- Self portrait, with pug (2013)
- Born: 3 February 1984 (age 42) Ipswich, Suffolk, England
- Occupations: Illustrator, author
- Years active: 1989–present

= Gemma Correll =

English cartoonist and illustrator

Gemma Correll (born 3 February 1984) is a British cartoonist and illustrator who is known for her comics depicting personal, relatable anxieties and pugs.

==Early life and education==
Correll was born in Ipswich and attended the Norwich School of Art and Design, graduating in 2006 with a BA (hons) in Graphic Design, specializing in Illustration.

==Career==

Correll recounts that she "felt somehow compelled" to start drawing "little stories" at 5 years old, both as a distraction from her anxieties and as a way to connect with her fellow schoolmates. She sold The Chatterbox, a self-published comic, to other students and teachers for a nominal sum to earn pocket money for snacks and soda. She entered university intending to study English Literature and Education, but switched to Graphic Design before long. While attending art school, her professor urged her to pursue the work he saw in her sketchbook. During her final year, she was able to sell self-designed merchandise. Although she worked part-time jobs after graduating, she continued to doodle in her spare time. Her first paid commission was designing a brochure of vacation packages for Virgin Holidays.

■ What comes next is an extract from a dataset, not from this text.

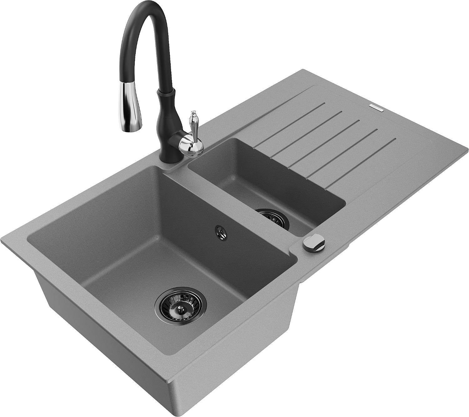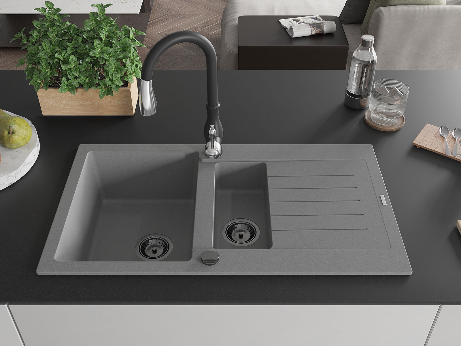 Mexen Matias évier de cuisine en granit 1,5 bac avec égouttoir et robinet de cuisine Savita, gris - 6502-71-672601-70-B

In 2009, after selling her own products at craft fairs and online via Etsy.com, Correll became a full-time illustrator and joined the Anna Goodson Illustration Agency, which helped her gain exposure to numerous clients that include Hallmark Cards, The New York Times, and Oxford University Press.

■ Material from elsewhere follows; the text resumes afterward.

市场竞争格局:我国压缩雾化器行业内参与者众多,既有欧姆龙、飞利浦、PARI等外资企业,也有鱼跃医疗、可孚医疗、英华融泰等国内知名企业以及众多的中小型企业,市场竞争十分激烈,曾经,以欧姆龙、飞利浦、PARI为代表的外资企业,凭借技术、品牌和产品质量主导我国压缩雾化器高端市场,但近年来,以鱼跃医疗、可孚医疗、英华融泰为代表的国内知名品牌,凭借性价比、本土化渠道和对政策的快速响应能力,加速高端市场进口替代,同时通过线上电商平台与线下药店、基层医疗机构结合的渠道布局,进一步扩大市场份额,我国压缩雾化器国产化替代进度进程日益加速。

Correll illustrated the Pugly series of children's books from author Pamela Butchart. She has contributed regularly to The Nib since 2014.

In 2012, she was featured in a month-long solo exhibition at the Land gallery in Portland, Oregon. Her work was featured in 2021 as part of the Emerging Artist Showcase at the Cartoon Art Museum in San Francisco.

Correll cites Lynda Barry as her biggest inspiration and adds she has been influenced by the works of Kate Beaton, Jeffrey Brown, Terry Deary, Julie Doucet, Tom Gauld, Carl Giles, Matt Groening, Gary Larson, Simone Lia, Ronald Searle, and Posy Simmonds.

===Selected bibliography===
- Correll, Gemma (2022). "It's a Pug's Life"
- Correll, Gemma (2015). "The Worrier's Guide to Life"
- Correll, Gemma (2014). "It's a Punderful Life"
- Correll, Gemma (2013). "A Pug's Guide to Etiquette"
- Correll, Gemma (2013). "A Dog's Life"
- Correll, Gemma (2012). "A Cat's Life"

==Personal life==
Correll resides in Orange County, California with her husband, the collage artist Anthony Zinonos, and their trio of rescued pugs, Mr. Pickles, Bean, and Zander. (Note: Zander is technically half-Chihuahua.)